Court of Appeal for Ontario
Date: 2017-12-28 Docket: C60977
Judges: Sharpe, Watt and Roberts JJ.A.
Between
Her Majesty the Queen Respondent
and
Tabitha Frickey Appellant
Counsel
Erec Rolfe, for the appellant Jennifer McKee, for the respondent
Heard: December 21, 2017
Appeal Information
On appeal from the sentence imposed on February 13, 2015 by Justice Robert Reilly of the Superior Court of Justice, sitting without a jury.
Reasons for Decision
[1] The appellant was convicted of dangerous operation of a motor vehicle causing bodily harm under s. 249(3) of the Criminal Code, which provides for a maximum term of imprisonment of ten years. She was sentenced to six months in custody, six months of probation, and a ten-year driving prohibition order. She has served her custodial sentence and completed probation. She appeals from the ten-year driving prohibition order.
[2] The appellant submits that the ten-year driving prohibition was manifestly unfit and seeks a five-year driving prohibition. She contends that the trial judge erred in treating general deterrence and denunciation as the primary sentencing objectives when she was a young, first-time offender.
[3] We disagree.
[4] The principles of denunciation and deterrence are particularly relevant to dangerous driving offences that are often committed by first-time offenders and otherwise law-abiding citizens. In these circumstances, the driving prohibition serves as the most practical means to ensure the protection of the public.
[5] Notwithstanding the appellant's youth and lack of a criminal record, the sentencing objectives of general deterrence and denunciation were paramount because of the seriousness of the appellant's offence and the aggravating factors of her previous poor driving record and the devastating harm caused to the victims of the accident.

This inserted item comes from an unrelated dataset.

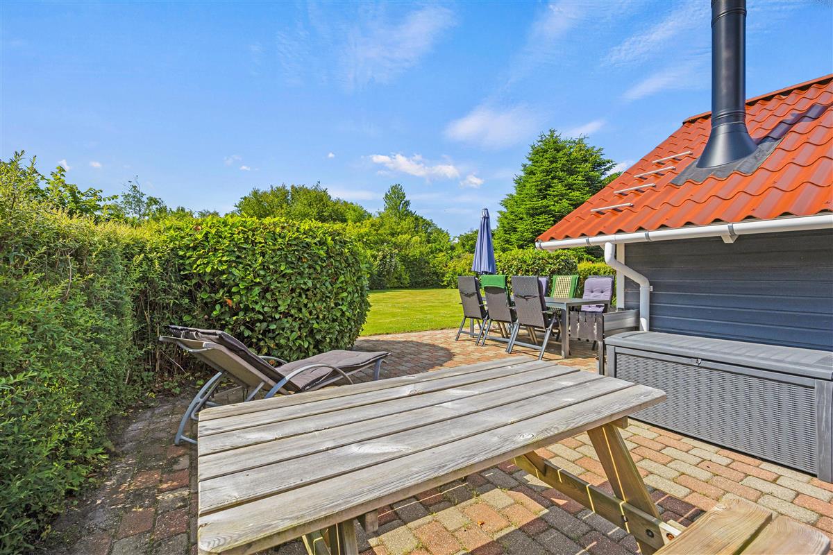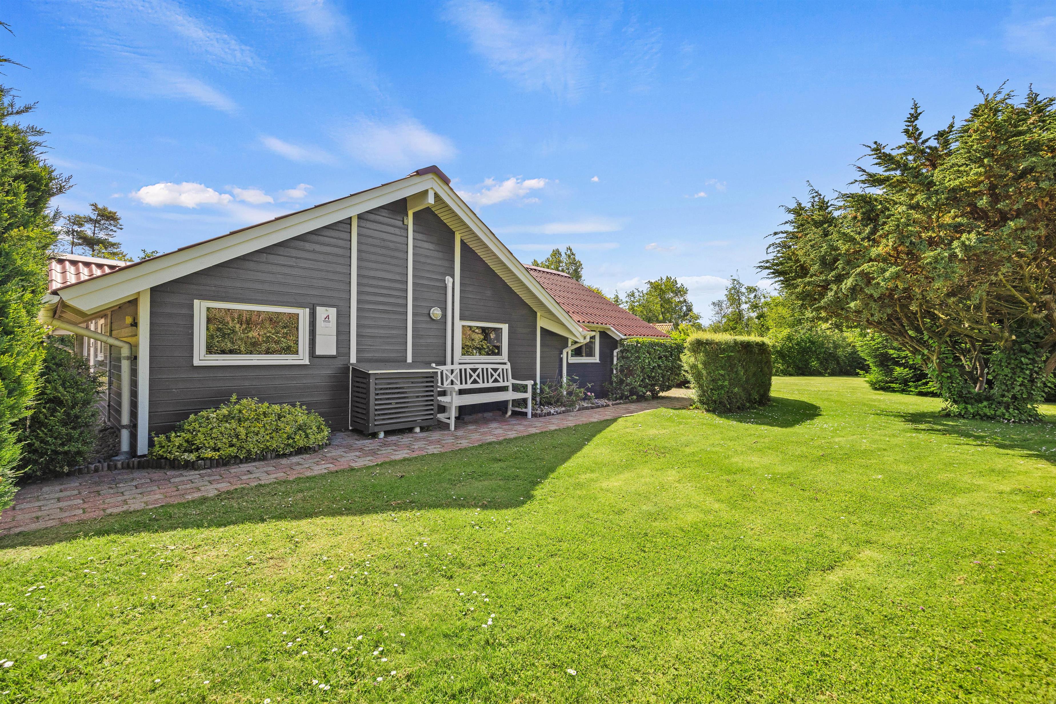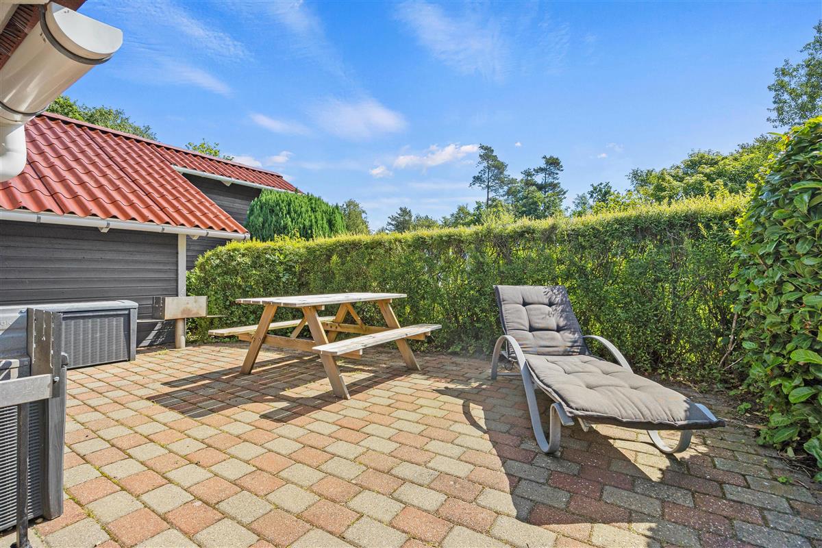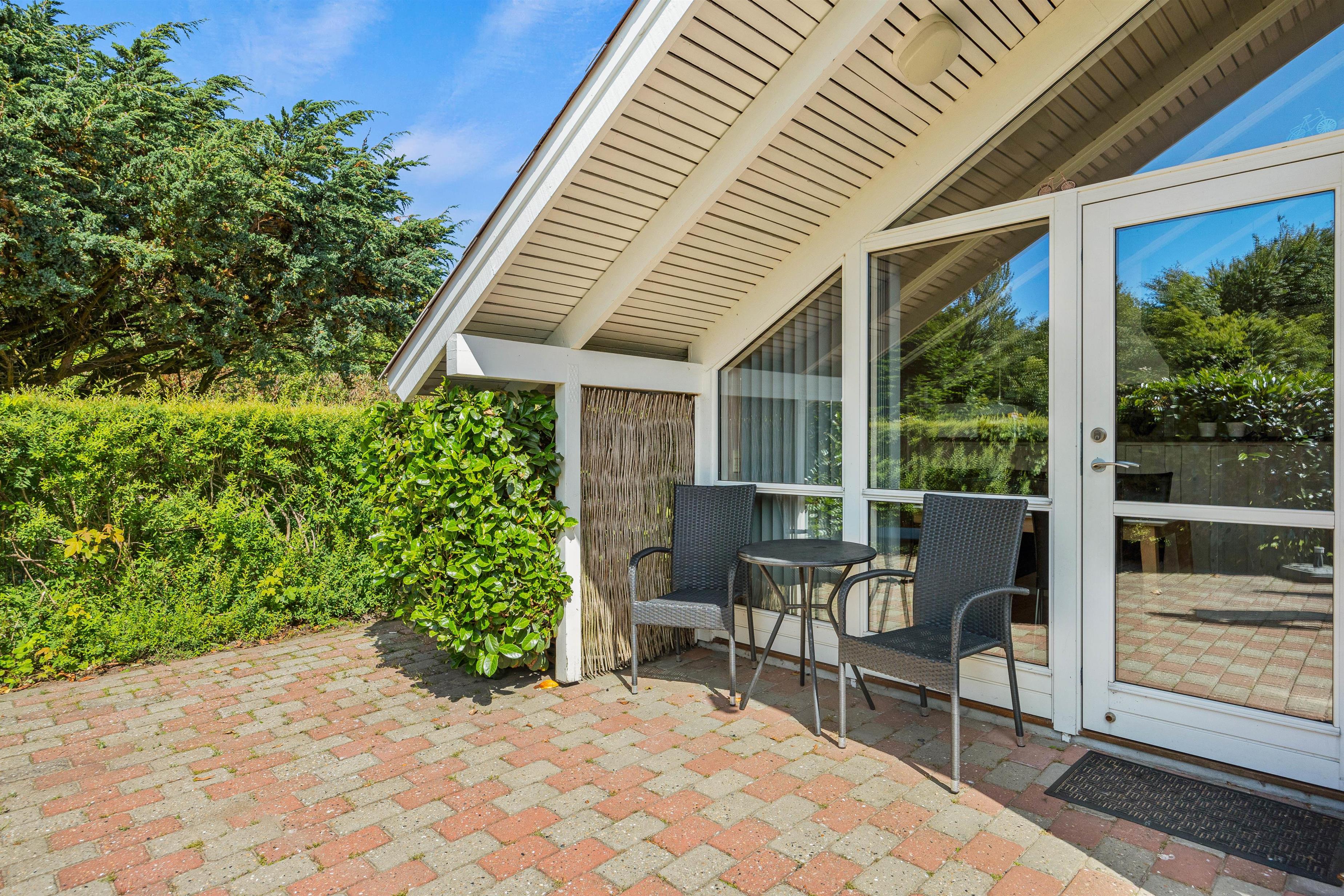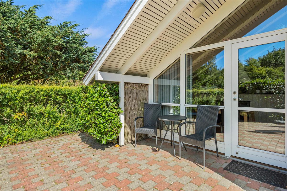 The holiday home at Fyrrelunden 50 is surrounded by a large lawn and offers plenty of space for outdoor activities. Various terraces provide numerous options for outdoor living. An open terrace is perfect for enjoying the sun's warmth or celebrating breakfast outdoors. For moments when more privacy is desired, the screened terrace offers a cosy retreat. Additionally, the covered terrace allows full use of the outdoor area even in unpredictable weather, whether for a comfortable dinner or relaxing hours with a cup of tea.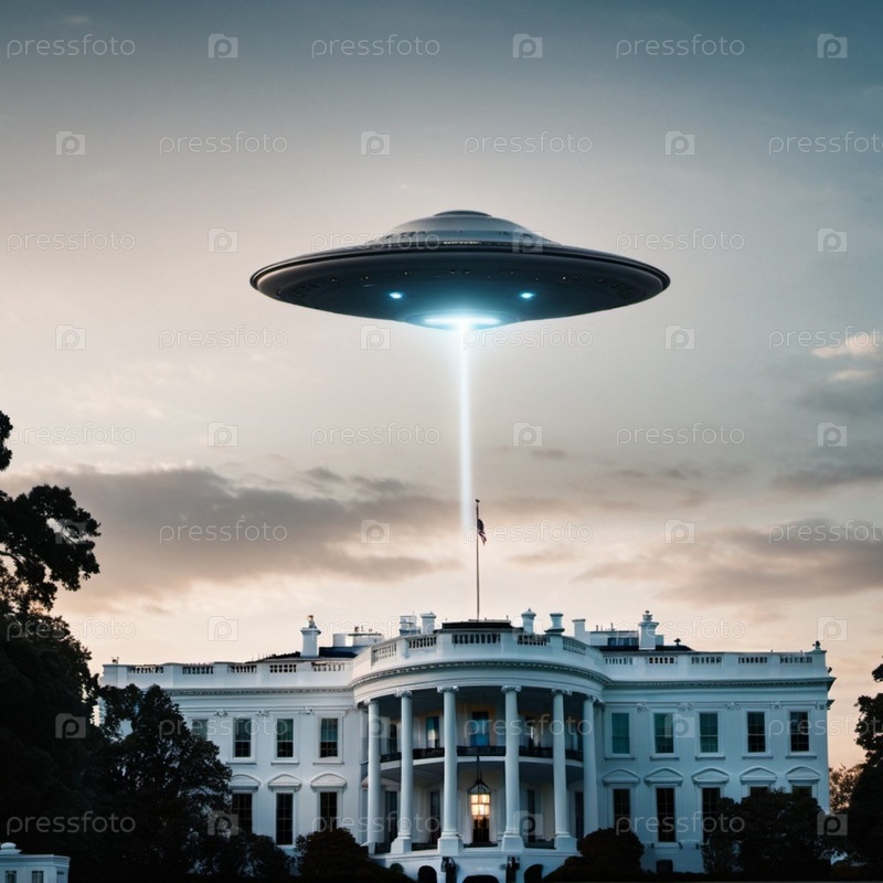Неопознанный летающий объект парит над Белым домом, освещая территорию сфокусированным лучом света. Драматические облака обрамляют сцену. Генеративный ИИ

[6] The appellant had amassed three speeding convictions on her driving record prior to her commission of the index offence when she was 18 years old. These convictions did not serve as a deterrent. The circumstances of this offence were egregious: the appellant's vehicle hurtled across three lanes of traffic at an enormous speed, smashed into crash attenuation barrels, became airborne and landed on top of the victims' car. The impact almost killed one of the victims, who remains severely disabled by his injuries. We also note that the appellant committed a fourth speeding offence, as well as a distracted driving offence, following the present offence.
[7] Against these aggravating factors, the trial judge carefully considered the mitigating circumstances of the appellant's youth, her sincere remorse, her otherwise unblemished character, her excellent academic and work record, and her pregnancy.
[8] Crown counsel submitted that a custodial sentence of 18 months, plus probation, and a five-year driving prohibition order would be appropriate. Defence counsel argued that a custodial sentence capped at nine months and a five-year driving prohibition should be considered.
[9] The trial judge indicated to the parties that he was considering imposing a longer driving prohibition, up to the ten-year maximum under s. 259(2)(b) of the Criminal Code, and asked for submissions. Defence counsel urged the trial judge to impose a shorter custodial sentence and a longer driving prohibition, in order to meet the objectives of deterrence and denunciation, and to facilitate the appellant's rehabilitation and avoid her baby being born in custody. The trial judge followed the approach suggested by the defence.
[10] In considering whether the sentence is manifestly unfit, the sentence must be considered as a whole. While the driving prohibition may have been longer than in the precedents provided by the parties, the custodial sentence was shorter. In reducing the custodial sentence and lengthening the driving prohibition, the trial judge exercised the principle of restraint and took into consideration "all available sanctions, other than imprisonment, that are reasonable in the circumstances", in accordance with s. 718.2(e) of the Criminal Code. The longer driving prohibition was necessary for the protection of the public. We see no error in the trial judge's decision.
[11] Accordingly, the appeal is dismissed.
Robert J. Sharpe J.A. David Watt J.A. L.B. Roberts J.A.